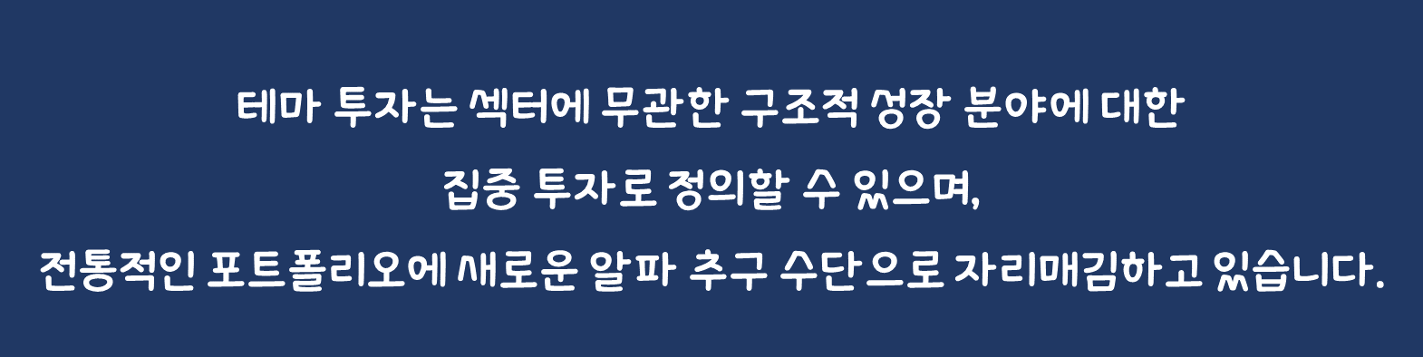 테마 투자는 섹터에 무관한 구조적 성장 분야에 대한 집중 투자로 정의할 수 있으며, 전통적인 포트폴리오에 새로운 알파 추구 수단으로 자리매김하고 있습니다. 2022년 주식시장 조정에 따라 글로벌 테마 ETF의 성장세는 주춤했지만 국내 테마 ETF에는 자금이 유입되었습니다. 2023년에는 미국 인프라 투자 테마, 로봇/자동화, 친환경/신재생 에너지, K-컬처 테마 ETF에서 알파를 찾을 수 있을 것입니다.
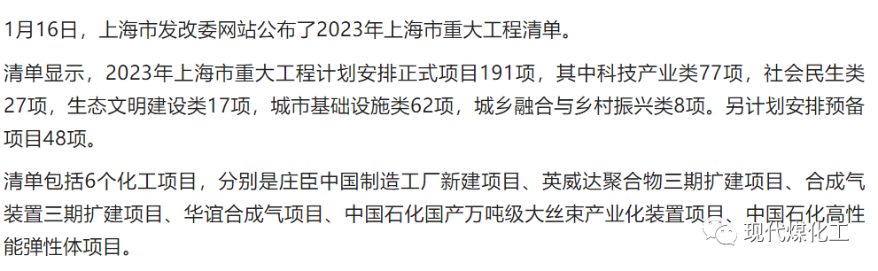 6个化工项目入选2023年上海市重大工程清单
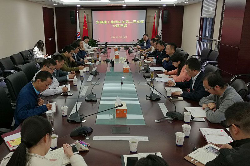 10月13日,在安建大廈2818會議室,應(yīng)機關(guān)第二黨支部邀請,集團總經(jīng)理、黨委副書記劉家靜同志為機關(guān)第二黨支部全體黨員授了題為“緊密結(jié)合企業(yè)中心工作,貫徹落實‘兩學(xué)一做’學(xué)習(xí)教育”的專題黨課。第二支部黨員、群眾共27人參加學(xué)習(xí),集團總會計師牛曉峰同志以普通黨員的身份參加會議并聽黨課。會議由第二支部書記朱金蓉同志主持。
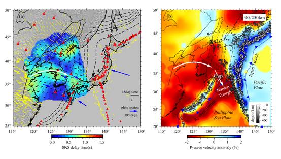各向异性的结果展示出明显的分层特征。在上地幔顶部(100km以上),S波各向异性方向主要与日本海沟垂直,且与板块运动方向相似,表明上层地幔流动主要与太平洋俯冲板片的后撤及日本海的扩张相关。更深部,各向异性出现明显的方向偏转,从西向东呈现顺时针的转向,并最终会聚于日本西南部的Nankai海沟。基于本研究模型预测的横波分裂观测结果与观测得到的结果有很强的一致性(图2a),佐证了各向异性结果的可靠性。深部各向异性方向及横波分裂结果均表明,欧亚板块下方存在部分软流圈物质由西向东经历了顺时针的偏转,并通过Nankai海沟下方的板片“窗口”进入菲律宾海板块下方(图2b)。
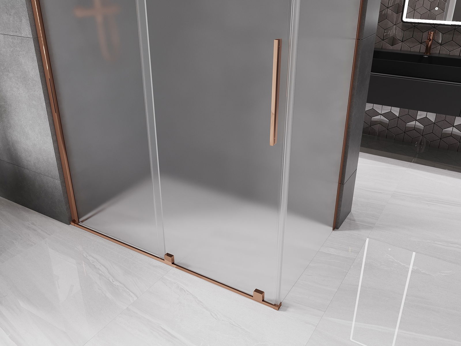 Mexen Velar cabină de duș glisantă 130 x 70 cm, înghețat, aur roz - 871-130-070-31-60
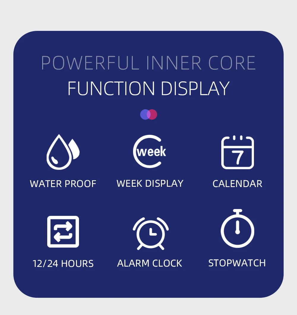 Features:Back Light,LED display,Repeater,Complete Calendar,Alarm,Week Display
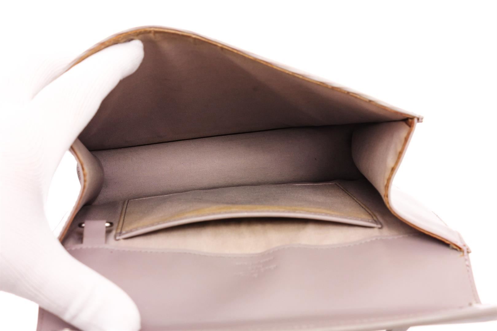 Purple Epi leather Louis Vuitton Ramatuelle bag with antiqued silver-tone hardware, debossed logo at front flap, single slit pocket at back, tonal woven lining, single slit pocket at interior wall and dual magnetic snap closure at front.
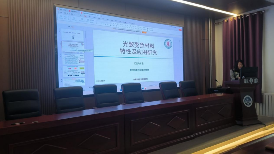 我院邀请鄂尔多斯应用技术学院门克内木乐教授做了“光致变色材料特性及应用”的专题讲座。讲座于2024年12月5日下午在明德楼E209会议室进行,由牛金艳副院长主持,学院物理学科的教师和研究生参加了此次讲座。

..........

◆ **What this task involves**: Please output the records exactly, leaving the pictures out.

◆ **Result of this exercise**:
 테마 투자는 섹터에 무관한 구조적 성장 분야에 대한 집중 투자로 정의할 수 있으며, 전통적인 포트폴리오에 새로운 알파 추구 수단으로 자리매김하고 있습니다. 2022년 주식시장 조정에 따라 글로벌 테마 ETF의 성장세는 주춤했지만 국내 테마 ETF에는 자금이 유입되었습니다. 2023년에는 미국 인프라 투자 테마, 로봇/자동화, 친환경/신재생 에너지, K-컬처 테마 ETF에서 알파를 찾을 수 있을 것입니다.
 6个化工项目入选2023年上海市重大工程清单
 10月13日,在安建大廈2818會議室,應(yīng)機關(guān)第二黨支部邀請,集團總經(jīng)理、黨委副書記劉家靜同志為機關(guān)第二黨支部全體黨員授了題為“緊密結(jié)合企業(yè)中心工作,貫徹落實‘兩學(xué)一做’學(xué)習(xí)教育”的專題黨課。第二支部黨員、群眾共27人參加學(xué)習(xí),集團總會計師牛曉峰同志以普通黨員的身份參加會議并聽黨課。會議由第二支部書記朱金蓉同志主持。
各向异性的结果展示出明显的分层特征。在上地幔顶部(100km以上),S波各向异性方向主要与日本海沟垂直,且与板块运动方向相似,表明上层地幔流动主要与太平洋俯冲板片的后撤及日本海的扩张相关。更深部,各向异性出现明显的方向偏转,从西向东呈现顺时针的转向,并最终会聚于日本西南部的Nankai海沟。基于本研究模型预测的横波分裂观测结果与观测得到的结果有很强的一致性(图2a),佐证了各向异性结果的可靠性。深部各向异性方向及横波分裂结果均表明,欧亚板块下方存在部分软流圈物质由西向东经历了顺时针的偏转,并通过Nankai海沟下方的板片“窗口”进入菲律宾海板块下方(图2b)。
 Mexen Velar cabină de duș glisantă 130 x 70 cm, înghețat, aur roz - 871-130-070-31-60
 Features:Back Light,LED display,Repeater,Complete Calendar,Alarm,Week Display
 Purple Epi leather Louis Vuitton Ramatuelle bag with antiqued silver-tone hardware, debossed logo at front flap, single slit pocket at back, tonal woven lining, single slit pocket at interior wall and dual magnetic snap closure at front.
 我院邀请鄂尔多斯应用技术学院门克内木乐教授做了“光致变色材料特性及应用”的专题讲座。讲座于2024年12月5日下午在明德楼E209会议室进行,由牛金艳副院长主持,学院物理学科的教师和研究生参加了此次讲座。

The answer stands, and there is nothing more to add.